*** Opening MATERIALS PROVIDED ***

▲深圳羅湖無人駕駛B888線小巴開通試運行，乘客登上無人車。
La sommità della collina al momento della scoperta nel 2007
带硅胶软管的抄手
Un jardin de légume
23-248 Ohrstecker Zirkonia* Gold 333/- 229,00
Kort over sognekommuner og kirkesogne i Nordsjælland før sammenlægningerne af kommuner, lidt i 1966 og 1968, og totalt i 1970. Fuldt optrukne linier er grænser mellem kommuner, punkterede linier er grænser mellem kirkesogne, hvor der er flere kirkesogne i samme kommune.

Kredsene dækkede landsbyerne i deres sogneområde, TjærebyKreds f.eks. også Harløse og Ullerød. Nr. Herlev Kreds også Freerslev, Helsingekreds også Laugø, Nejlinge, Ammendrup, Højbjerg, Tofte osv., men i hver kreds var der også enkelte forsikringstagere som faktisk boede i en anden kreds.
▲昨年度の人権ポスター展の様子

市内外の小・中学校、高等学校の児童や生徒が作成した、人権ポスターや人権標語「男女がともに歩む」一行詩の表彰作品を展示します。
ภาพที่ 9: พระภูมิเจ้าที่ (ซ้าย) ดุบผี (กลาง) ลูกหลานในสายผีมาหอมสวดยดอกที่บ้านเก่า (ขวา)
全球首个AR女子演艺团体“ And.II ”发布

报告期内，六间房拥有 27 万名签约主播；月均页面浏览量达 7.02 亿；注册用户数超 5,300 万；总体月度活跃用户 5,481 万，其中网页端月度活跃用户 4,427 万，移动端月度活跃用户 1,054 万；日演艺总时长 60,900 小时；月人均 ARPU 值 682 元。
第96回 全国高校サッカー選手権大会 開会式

*** Closing MATERIALS PROVIDED ***

WHAT IS NEEDED: For this exercise, reproduce exactly each line from the one containing "Kredsene dækkede landsbyerne" through the last line of the data, and no others.

SOLUTION FOR THIS EXERCISE:
Kredsene dækkede landsbyerne i deres sogneområde, TjærebyKreds f.eks. også Harløse og Ullerød. Nr. Herlev Kreds også Freerslev, Helsingekreds også Laugø, Nejlinge, Ammendrup, Højbjerg, Tofte osv., men i hver kreds var der også enkelte forsikringstagere som faktisk boede i en anden kreds.
▲昨年度の人権ポスター展の様子

市内外の小・中学校、高等学校の児童や生徒が作成した、人権ポスターや人権標語「男女がともに歩む」一行詩の表彰作品を展示します。
ภาพที่ 9: พระภูมิเจ้าที่ (ซ้าย) ดุบผี (กลาง) ลูกหลานในสายผีมาหอมสวดยดอกที่บ้านเก่า (ขวา)
全球首个AR女子演艺团体“ And.II ”发布

报告期内，六间房拥有 27 万名签约主播；月均页面浏览量达 7.02 亿；注册用户数超 5,300 万；总体月度活跃用户 5,481 万，其中网页端月度活跃用户 4,427 万，移动端月度活跃用户 1,054 万；日演艺总时长 60,900 小时；月人均 ARPU 值 682 元。
第96回 全国高校サッカー選手権大会 開会式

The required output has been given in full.